On July 20, 1974, the CHP conducted an eligibility examination limited to female applicants. La Riviere, a male, applied for but was not permitted to take this examination. On September 30, 1974, the CHP hired the 40 women who scored highest on this examination, along with 40 men chosen from a pre-existing list of over 1,600 eligible males, for participation in the pilot feasibility study. La Riviere was not selected as one of the 40 men to participate in the study, because he had not applied for or taken the 1973 traffic officer examination. Thus, he was not on the CHP's eligibility list. Some of the CHP's physical eligibility requirements, including minimum height and weight standards, were apparently lowered in order to permit the women to be eligible for positions as traffic officers. 2

Following the examination and the beginning of the feasibility study, the district court presiding over the Schultheis action entered an order, agreed to between the parties, which stayed all proceedings until the study was concluded. Less than two years after that study began, the CHP represented to the district court that it had already concluded that the study had successfully proved that women, as a class, could safely and efficiently perform the duties required of CHP traffic officers. Accordingly, the district court entered judgment for the plaintiff class in Schultheis on May 5, 1976, and ordered that all subsequent examinations be open to both men and women. Beginning in February of 1977, CHP examinations were open to both men and women, and the male-only eligibility requirement was eliminated. 3

On December 2, 1976, after judgment was entered in the Schultheis class action, La Riviere filed a third amended complaint in the District Court for the Northern District of California. This complaint named as defendants the United States Equal Employment Opportunity Commission and its chairman, the United States Department of Labor and its secretary, the California Fair Employment Practices Commission and several of its members, the CHP and Craig, as well as several other California agencies, their members, and certain California municipalities. The complaint alleged violations of the due process clause of the fifth amendment and the due process and equal protection clauses of the fourteenth amendment, 42 U.S.C. §§ 1981 and 1982, and Title VII, and sought declaratory, injunctive and monetary relief.

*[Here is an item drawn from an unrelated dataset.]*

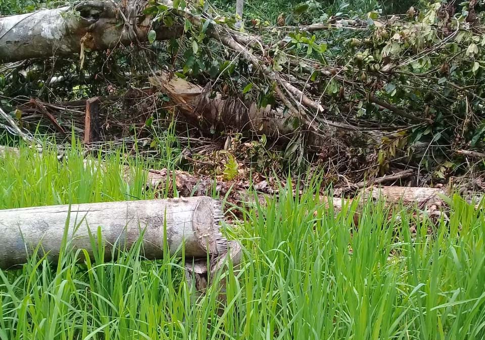 Ladang padi dan kebun warga pun jadi lokasi penampungan kayu milik perusahaan. “Ada berbagai tanaman sumber hidup digusur jadi tempat penampungan kayu,” kata Wilson Ngongare, tokoh adat Desa Hatetabako.

As a result of several motions, all defendants other than the CHP and Craig were eliminated from the case by way of summary judgment or dismissal of the complaint with prejudice. The CHP and Craig were named only in the eighth claim of the complaint. This claim alleged a violation of Title VII arising from the CHP's failure to allow La Riviere to take the 1974 women-only examination and participate in the pilot feasibility study; it did not allege a violation of the equal protection clause. Upon cross-motions for summary judgment, raising only the legal question of whether the pilot feasibility study violated Title VII, the district court entered summary judgment for La Riviere, and awarded $33,360 as "backpay," but denied any additional relief. The CHP and Craig filed a timely notice of appeal from this final judgment. We have jurisdiction pursuant to 28 U.S.C. § 1291.

II

The grant of a motion for summary judgment raises a freely reviewable question of law. We will reverse a summary judgment if the moving party failed to establish that no genuine issue of material fact remained for trial or if the moving party as a matter of law was not clearly entitled to prevail. Server v. Interpace Corp., 657 F.2d 1115, 1117 (9th Cir. 1981); Gaines v. Haughton, 645 F.2d 761, 769-70 (9th Cir. 1981). In this case, the cross-motions for summary judgment were submitted on the basis of the undisputed facts, and raised only the question of whether La Riviere's complaint stated a claim upon which relief could be granted pursuant to Title VII. That issue turns on whether, under United Steelworkers of America v. Weber, 443 U.S. 193, 99 S.Ct. 2721, 61 L.Ed.2d 480 (1979) (Weber ), the voluntary "affirmative action" program conducted by the CHP discriminated against La Riviere on the basis of sex in violation of Title VII. See Baker v. City of Detroit, 504 F.Supp. 841, 843 n.1 (E.D.Mich.1980).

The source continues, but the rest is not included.